La gente se pregunta dónde está la Fuerza Pública, porque hace algunos días se anunció la llegada de 300 policías para reforzar la seguridad del municipio. Sin embargo, los líderes denuncian que esto no funciona. Incluso, una lideresa explicó que en algunas ocasiones han llamado a la Policía para que resuelvan problemas en algunas veredas y la respuesta que se han encontrado ha sido que no pueden entrar hasta allá porque hay actores ilegales.

Además, los líderes denuncian que, a pesar de que se desmovilizaron las Auc, la estructura parapolítica quedó intacta, acomodándose a los actores existentes en los territorios. “Después de la desmovilización de las AUC quedó su política incrustada en las Alcaldías, pero siguieron controlando. Siempre tuvieron la contraparte, que eran las Farc. Ahora es cuando están controlando zona rural, porque ellos siempre han tenido los municipios”, denuncia un líder.

Sobre esto también se refirió el senador Antonio Sanguino, “Estamos presenciando una nueva versión de la parapolítica, que es la mezcla de mercados ilegales, estructuras criminales y actores políticos. Y eso pone en enorme riesgo al tejido social y al liderazgo social y comunitario”.

Violencia sexual
Antes de ingresar al territorio, tuvimos conocimiento de un audio en el que un hombre, que se identificaba como miembros de las AGC, decía con palabras soeces que cualquier niña que estuviera en la calle en la noche sería violada y asesinada por ellos. Nadie sabe si realmente son ellos o si van a cumplir las amenazas, pero nadie se confía. Y, por lo tanto, las niñas y jóvenes están aterradas y confinadas.

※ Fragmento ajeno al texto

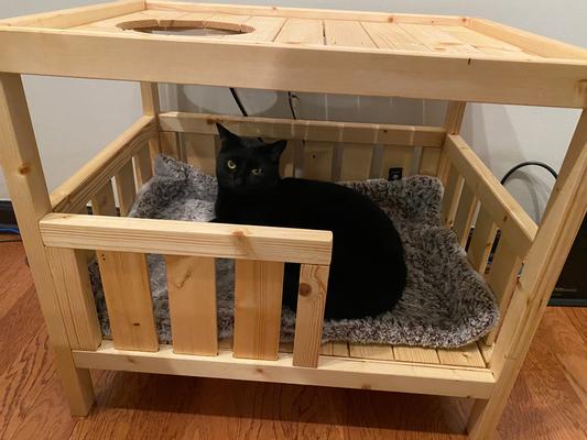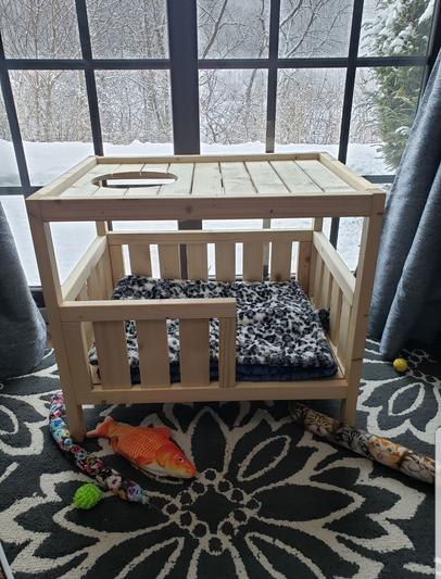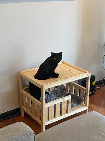 Fist of all, assembly is super easy and this cat house bed is of good quality. I assembled it within 5 min using my electric screwdriver. It might take 10 min if you do it with a regular screwdriver. Both of my cats love this cat house bed, especially our black boy named Kater Lysator. The wood is unfinished so you have some room for customization. I chose just to finish the wood with a mixture of 1/3 cup olive oil, 1/3 cup coconut oil and 1 tbs catnip spray. Let it dry for five days and voila... happy Kater.
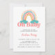 Anpassa enkelt den här snyggten till en modern regnbågsinbjudan till din babydusch färg är mycket vibrerande och gör denna inbjudan till perfekt för en sommarhändelse. Skriv ut hemma eller skicka inbjudningarna till ditt hem.... (eller båda!).
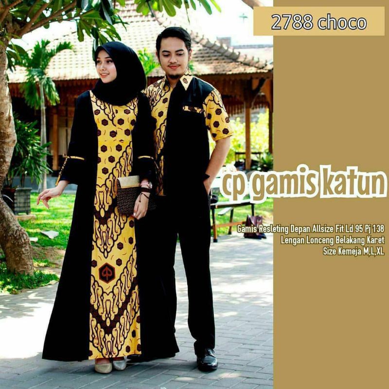 Name: Couple Gamis Katun Motif Batik Hitam Putih Hitam Kuning Lengan Lonceng
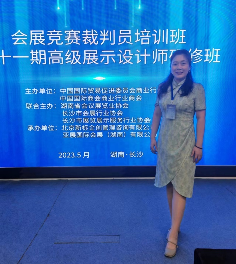 为提升会展类专业教师竞赛辅导能力,加快推动会展业应用型、复合型和创新性人才培养,我院会展专业教师朱俭,于2023年5月26日至31日参加了会展竞赛裁判员培训、会展竞赛辅导能力提升暨第十一期高级展示设计师培训。本次研修班由中国国际贸易促进委员会商业行业委员会、中国国际商会商业行业商会主办,湖南省会议展览业协会、长沙市会展行业协会和长沙市展览展示服务行业协会联合主办。此次培训活动共有来自全国近70所高校会展专业教师112人和省内20多家会展企业展示设计从业人员26人共138人参加培训。
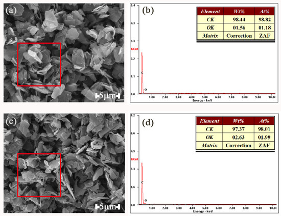 SEM Photographs of G (a) and TA-G (b) and EDX spectrum of G (c) and TA-G (d).
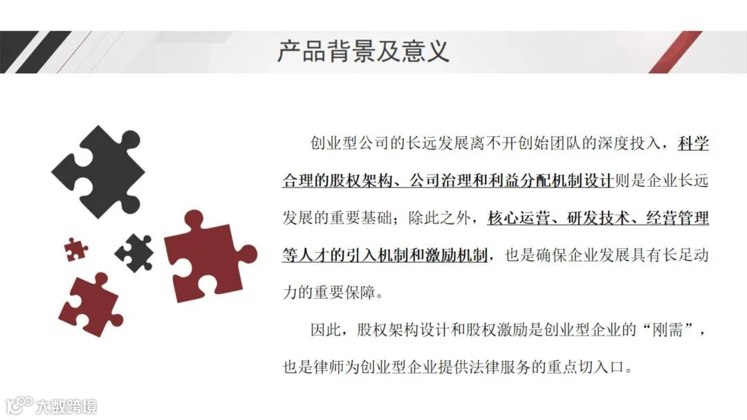 创业型公司的长远发展,离不开创始团队的深度投入和科学合理的股权架构、公司治理和利益分配机制设计;除此之外,核心运营、研发技术、经营管理等人才引入机制和激励机制,也是企业发展长足发展的重要保障。因此,股权架构设计和股权激励是创业型企业的“刚需”,也是律师为其提供法律服务的重点切入口。

Una defensora de los derechos de las mujeres explicó que el panorama igual supera todo lo que el presunto actor armado decía en ese audio. “Las mujeres no tenemos la libertad para transitar en los territorios, corregimientos y veredas. Tenemos que pedirles permiso a los grupos ilegales para podernos movilizar. A las mujeres las minimizan y no la dejan participar porque en sus hogares también tienen alguien relacionado que ejerce una acción coercitiva contra ellas. Además, están siendo carne de cañón. Debido a la persecución que están haciendo contra ellos, las mujeres son las que se están prestando para cobrar vacunas, recibir extorsiones, ir a la cárcel a introducir drogas, pasar armamentos, llevar información, hacer posters”. Es decir, se están presentando violencias sexuales asociadas a la utilización de las mujeres en la guerra.

Esto va desde los enamoramientos con el propósito de utilizarlas para sus negocios hasta las violaciones sexuales. “Tenemos conocimiento de que hay niñas a las que han asesinado en Canalete, donde asesinaron tres mujeres, que eran lleva y trae. Se enamoran de soldados, policías para sacar información y luego terminan en el medio. Tampoco se pueden vestir como ellas quieren”.

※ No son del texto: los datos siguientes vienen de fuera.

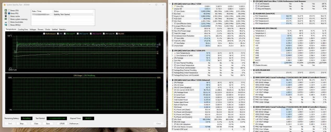 在满载运行的 FPU 烤机测试中,HO5处理器全核频率可稳定在 3.0 GHz上下,温度最高 78°C,显示出极佳的散热表现,难能可贵的是在此期间并未触发功耗墙。处理器封装功耗最高 55.01W,核心功耗为 37W,动力与能效兼具。整机主板温度维持在 51~57°C,内存温度 55°C 左右,均处在安全范围。
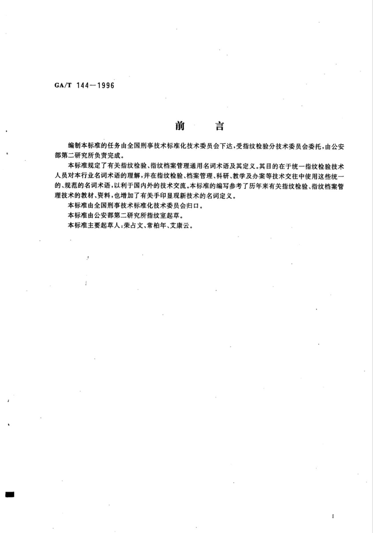 GA/T 0144-1996 指纹专业名词术语
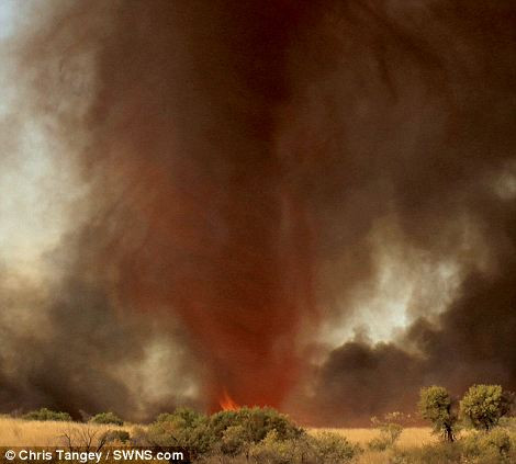 “Cột lửa xoáy cao khoảng 300m và trời không có gió nhưng cơn lốc xoáy mạnh trông giống như máy bay chiến đâu”.
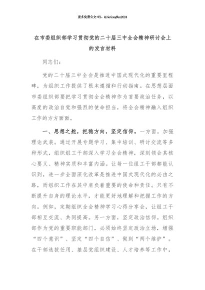 【七哥公文】2024年:在市委组织部学习贯彻党的二十届三中全会精神研讨会上的发言材料+更多免费公文+VX:QiGeGongWen2024
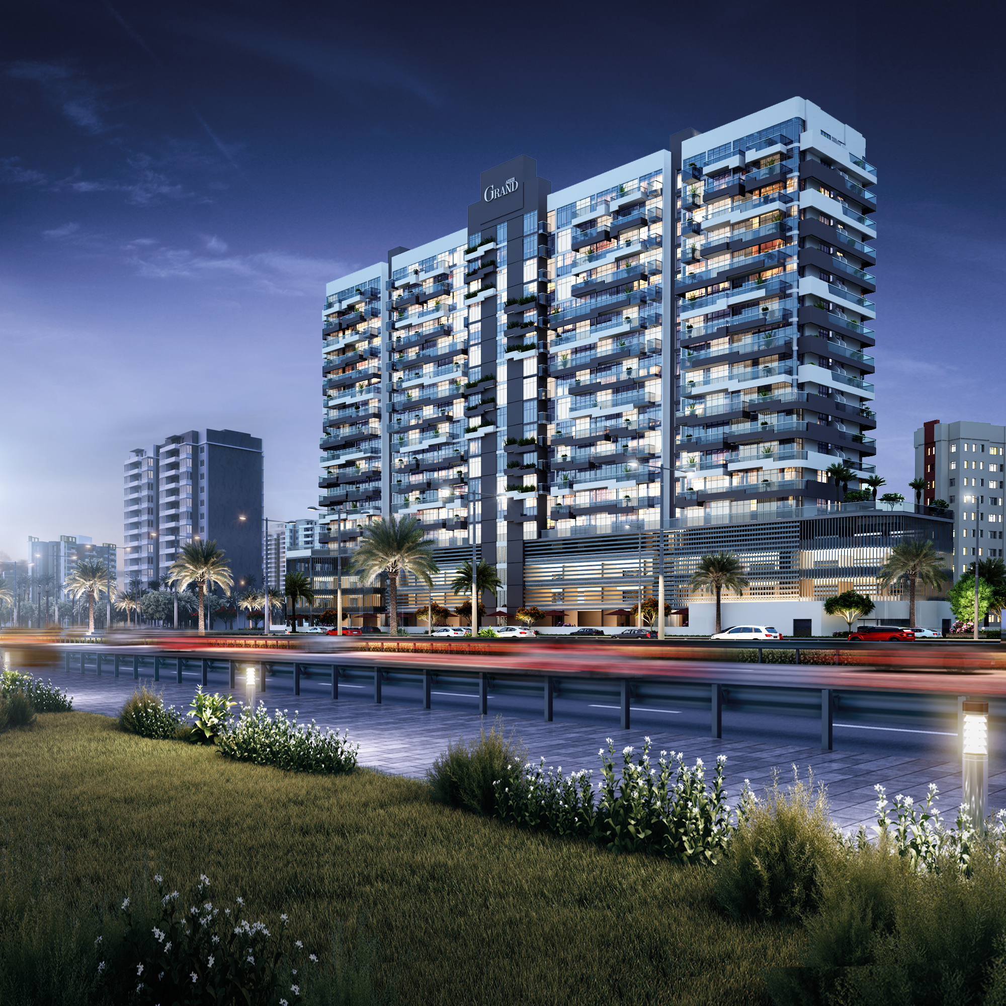 Azizi Grand is a meticulously designed residential development that rises with a configuration of 18 Levels Includes: 1 Basement+ G + 3 podium levels + 14 total floors, which includes 14 dedicated residential storeys. The project comprises 431 thoughtfully crafted residential units, offering a mix of studio, 1-bedroom, and 2-bedroom apartments, all designed to enhance space and functionality. Each unit features expansive end-to-end balconies, allowing residents to enjoy seamless indoor-outdoor living and soak in stunning vistas. The views from Azizi Grand are among its most compelling features, offering panoramas of the Dubai Sports City skyline, lush green landscapes, community courtyards, and even distant glimpses of the Dubai skyline.The architectural design within each apartment at Azizi Grand exemplifies a modern, minimalistic approach that prioritizes functionality without compromising on elegance.The kitchen spaces are designed with open-plan layouts, creating a seamless transition to the dining and living areas.They feature premium countertops, sleek cabinetry, and integrated high-end appliances, offering both visual appeal and practicality. The living areas are spacious and bathed in natural light, thanks to floor-to-ceiling double-glazed windows that not only frame stunning views but also enhance energy efficiency. The design emphasizes clean lines, soft ambient lighting, and neutral tones to evoke a warm and inviting atmosphere. In the bathrooms, attention to detail is evident through the use of exquisite tiling, built-in shelving, and contemporary fixtures. These spaces are minimalistic yet luxurious, with cleverly integrated storage and thoughtful layouts that elevate everyday routines into experiences of comfort and refinement.
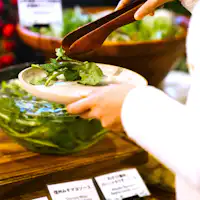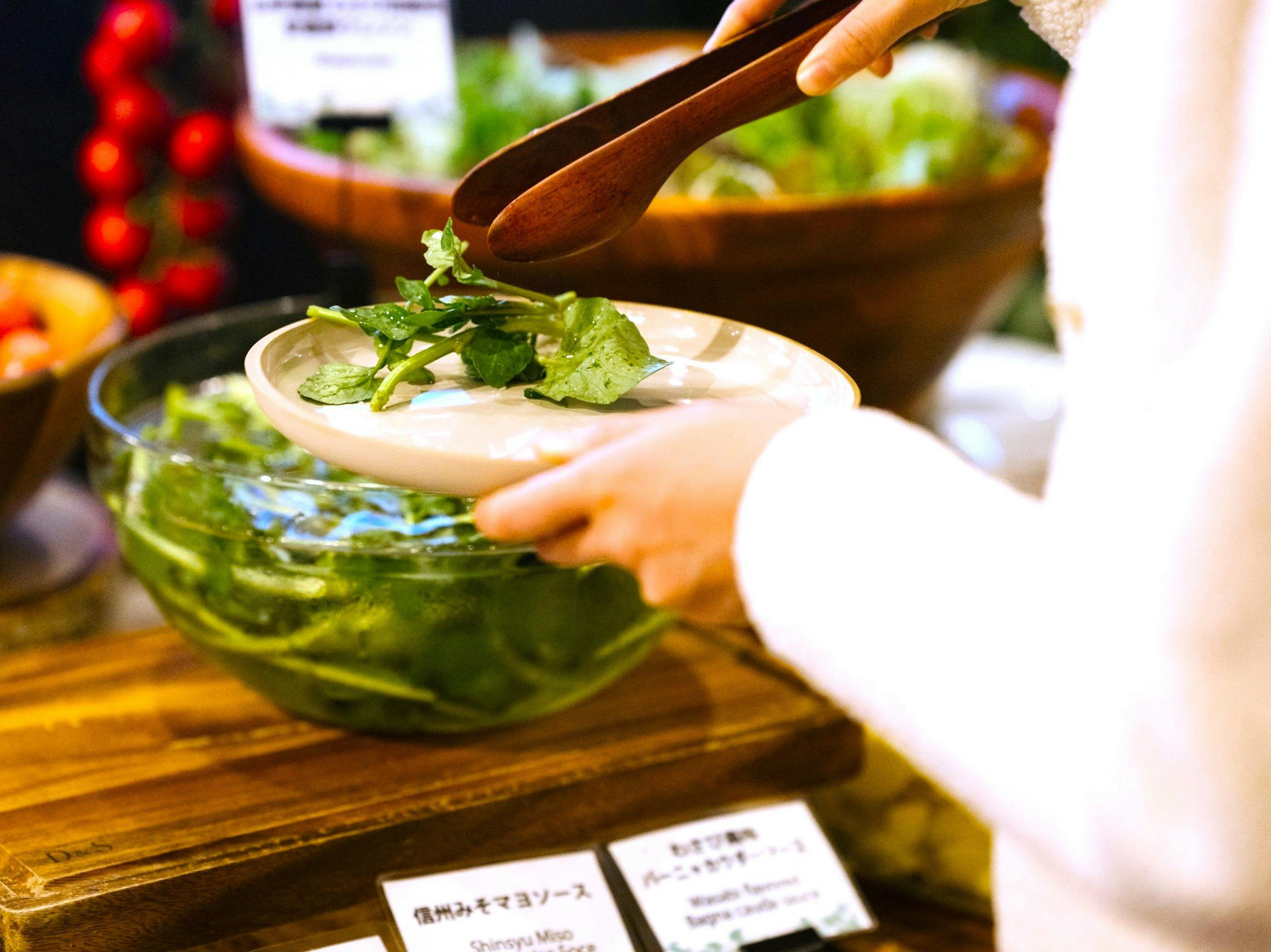 ・朝食バイキングでは一部使い捨て手袋を着用いただき料理をおとりいただきます。

También han conocido casos de desnudez forzada. “Tenemos el caso en El Cocuelo (Valencia) en el que una niña le fue infiel a su pareja y el castigo que le pusieron fue que la colocaron desnuda en el pueblo a barrer la calle. o sea que ejercen funciones de «gobierno»”.

Sin embargo, estos casos no están en conocimiento de las autoridades por varias razones. Primero, les da terror denunciar, pues pueden ser asesinadas y saben que la justicia no actuará. Segundo, cuando lo hacen son revictimizadas. Tercero, los exámenes médico-legales se tienen que ir a hacer en Montería, pero hay limitaciones económicas.

Las amenazas continúan
Los líderes que fueron consultados para este artículo están, todos, amenazados. Y no ven cómo esto se pueda detener. Al final de la reunión que tuvieron con la Comisión de Paz, la senadora Ruby Chagüi dijo que desde el gobierno se condenaban todos estos asesinatos, y que entregarían la información a las autoridades. El senador Antonio Sanguino, por su parte, dijo lo que todos los líderes piden. «Aquí no solo importa saber quién está disparando, sino quién ordena matar y disparar».